In a case that followed hotly on the heels of EBRAHIM JA’s decision, ROBINSON J5 who was also seized with a case involving gang assault followed the sound reasoning expoused in the Mugwenhe case. In ROBINSON J’s case, the gang had assaulted the complainant with bricks and stones all over the body. The medical report revealed the following injuries:

“(1) laceration 1cm right scalp on head

(2) multiple bruise at the back

(3) fracture right ulma”



  1. S v Mugwenhe & Anor 1991(2) ZLR 66 (SC)

  2. S v Mugwenhe & Anor (supra) at p 68 (C-D)

  3. Timothy Chivore & 2 Others vs The State H-208-91

ROBINSON J set aside and substituted a two months prison term which had been imposed with a fine of $300 with an additional 2 months imprisonment wholly suspended on condition of future good conduct.

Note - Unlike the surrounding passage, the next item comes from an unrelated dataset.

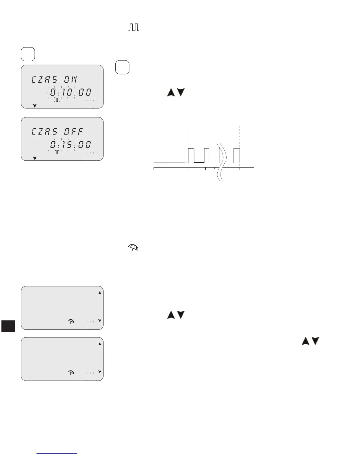 Regulacja czasowa CZAS ON 10 min i CZAS OFF 15 min.
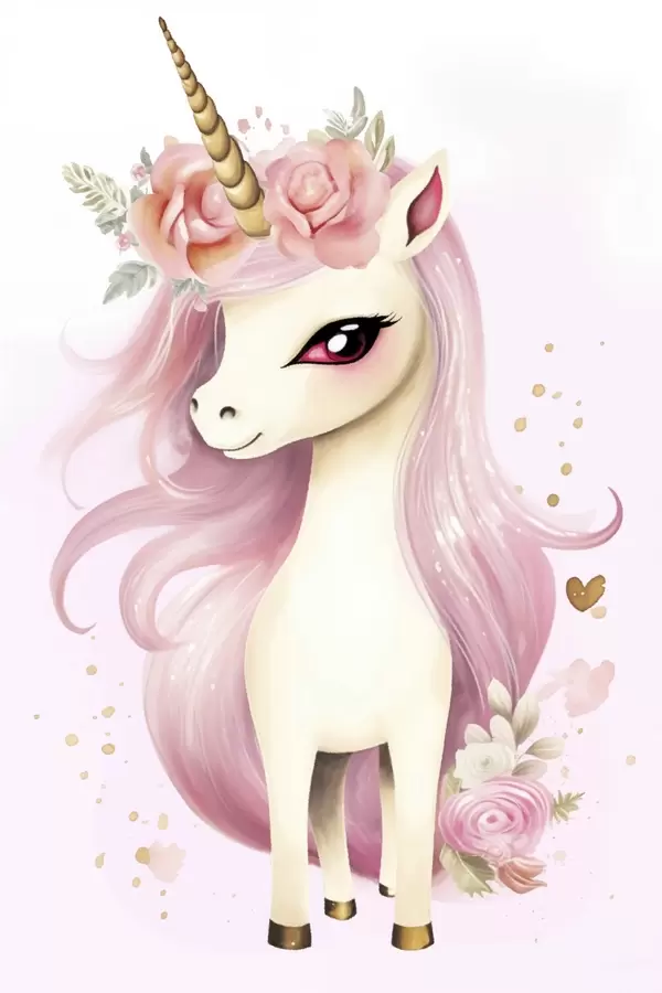 Постер на стіну Єдиноріг з рожевою гривою та квітковим вінком Nr f45484

Compare the above two cases with the instant case where the victim or complainant was never taken to hospital with the result that the court a quo was deprived of a medical report in assisting it in appreciating the extent of the injuries if at all. In fact, the State summary clearly says the complainant did not sustain any visible injuries hence the absence of a medical report.

The learned magistrate went to town by emphasizing the fact that the accused had assaulted a police officer who was executing his duties. Accepted, this was aggravatory but one gets the impression that this aspect was erroneously allowed to cloud all the other issues in mitigation of the accused like the accused being a breadwinner, married with 5 children and being a first offender.

I have noticed that wherever police officers are victims of assault, magistrates generally get excited about it and that that excitement usually results in severe and disproportionate sentences being meted out.

The view that I hold is that an unprovoked assault against any individual be it a young, old person, police officer or any other person for that matter is serious by its very nature. The assailant must be adequately punished. But to send the accused in the instant case to undergo 24 months for this kind of assault is both outrageous and unacceptable. The sentence cannot be justified in any way.

Consequently the sentence of the court a quo is set aside and substituted with the following one:

The accused is fined $150 or in default of payment, one month imprisonment. In addition 3 months imprisonment is suspended for three years on condition that the accused is not convicted within that period of any offence of which assault is an element for which he is sentenced to imprisonment without the option of a fine.